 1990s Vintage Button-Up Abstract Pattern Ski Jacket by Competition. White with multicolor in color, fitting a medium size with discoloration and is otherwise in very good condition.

==================================================

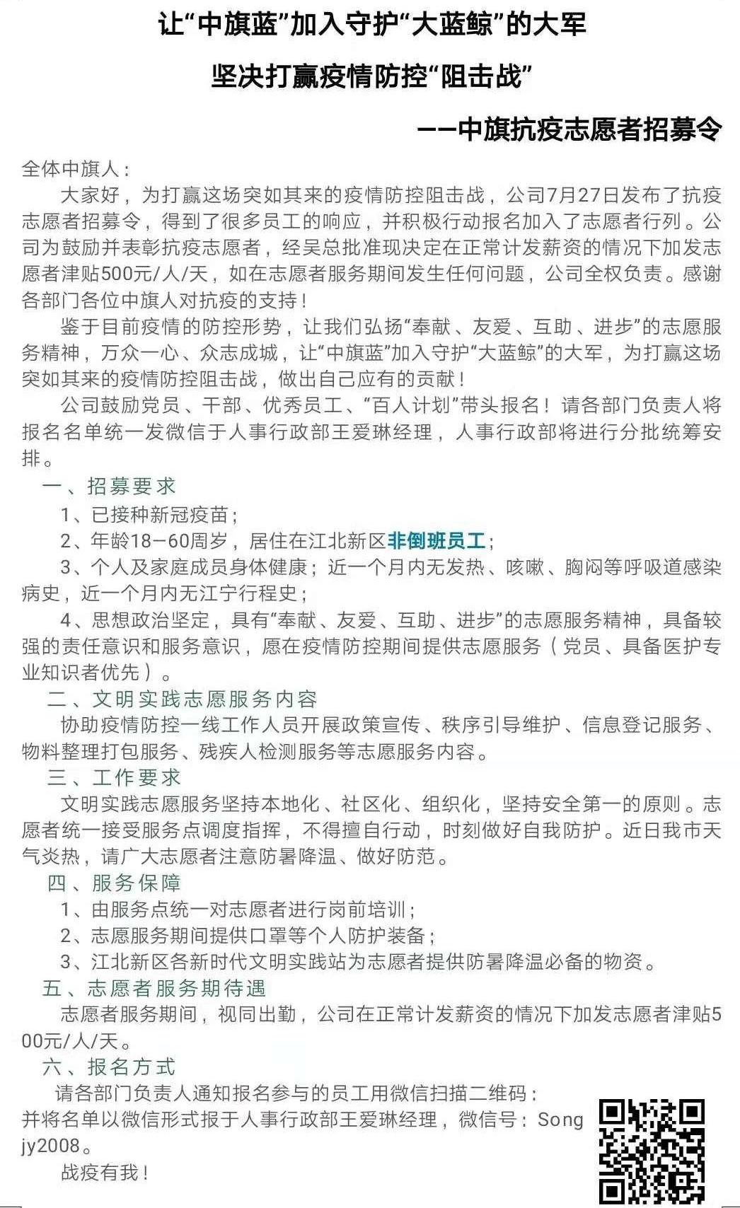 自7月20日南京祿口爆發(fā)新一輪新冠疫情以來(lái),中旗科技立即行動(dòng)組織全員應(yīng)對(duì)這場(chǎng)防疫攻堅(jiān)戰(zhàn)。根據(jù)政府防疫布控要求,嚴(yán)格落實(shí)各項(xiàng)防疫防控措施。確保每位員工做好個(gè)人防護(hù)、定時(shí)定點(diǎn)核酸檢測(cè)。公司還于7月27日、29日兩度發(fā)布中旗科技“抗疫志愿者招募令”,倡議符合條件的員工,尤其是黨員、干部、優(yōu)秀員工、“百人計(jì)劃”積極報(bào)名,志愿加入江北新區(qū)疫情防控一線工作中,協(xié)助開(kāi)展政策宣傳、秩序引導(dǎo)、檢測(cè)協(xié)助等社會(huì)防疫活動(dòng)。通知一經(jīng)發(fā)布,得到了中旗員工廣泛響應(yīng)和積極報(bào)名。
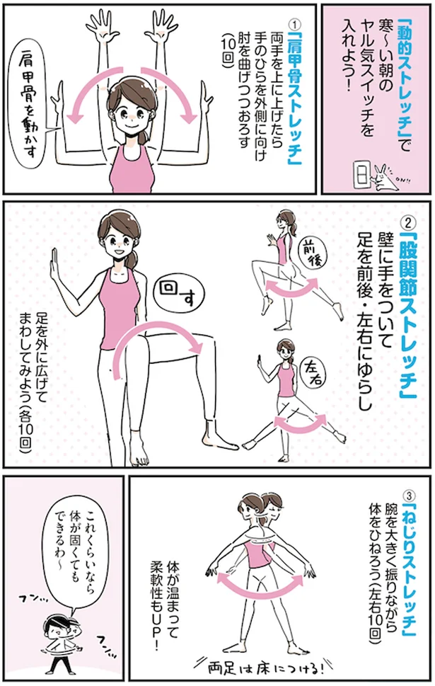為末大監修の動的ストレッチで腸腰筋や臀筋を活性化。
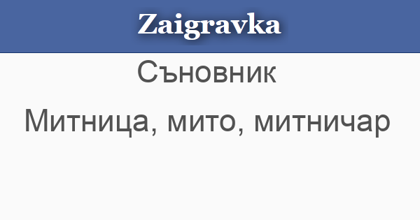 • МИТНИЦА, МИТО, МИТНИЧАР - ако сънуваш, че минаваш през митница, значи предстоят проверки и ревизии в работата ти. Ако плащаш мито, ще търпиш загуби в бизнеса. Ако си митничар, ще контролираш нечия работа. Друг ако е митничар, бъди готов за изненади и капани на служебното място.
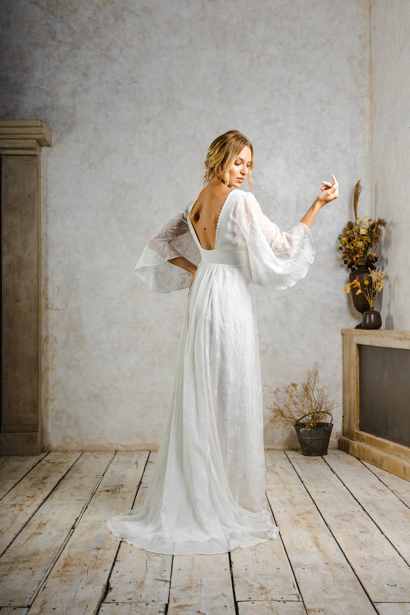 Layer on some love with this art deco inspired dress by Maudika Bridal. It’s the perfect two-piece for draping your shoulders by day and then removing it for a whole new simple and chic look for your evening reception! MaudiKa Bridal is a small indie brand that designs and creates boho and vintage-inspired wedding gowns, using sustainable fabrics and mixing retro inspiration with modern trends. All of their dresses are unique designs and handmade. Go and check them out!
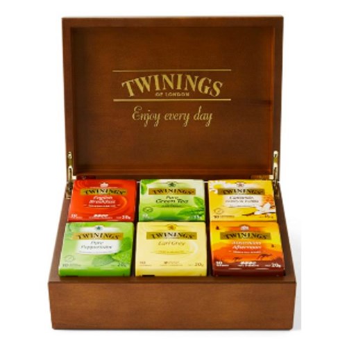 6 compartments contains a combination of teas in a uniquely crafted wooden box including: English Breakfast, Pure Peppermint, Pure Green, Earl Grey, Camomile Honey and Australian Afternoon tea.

==================================================

• [Goal of the exercise] Return the material from the line containing "Layer on some" through the line containing "6 compartments contains", exactly and in full, but without its pictures.

• [Your solution]
 Layer on some love with this art deco inspired dress by Maudika Bridal. It’s the perfect two-piece for draping your shoulders by day and then removing it for a whole new simple and chic look for your evening reception! MaudiKa Bridal is a small indie brand that designs and creates boho and vintage-inspired wedding gowns, using sustainable fabrics and mixing retro inspiration with modern trends. All of their dresses are unique designs and handmade. Go and check them out!
 6 compartments contains a combination of teas in a uniquely crafted wooden box including: English Breakfast, Pure Peppermint, Pure Green, Earl Grey, Camomile Honey and Australian Afternoon tea.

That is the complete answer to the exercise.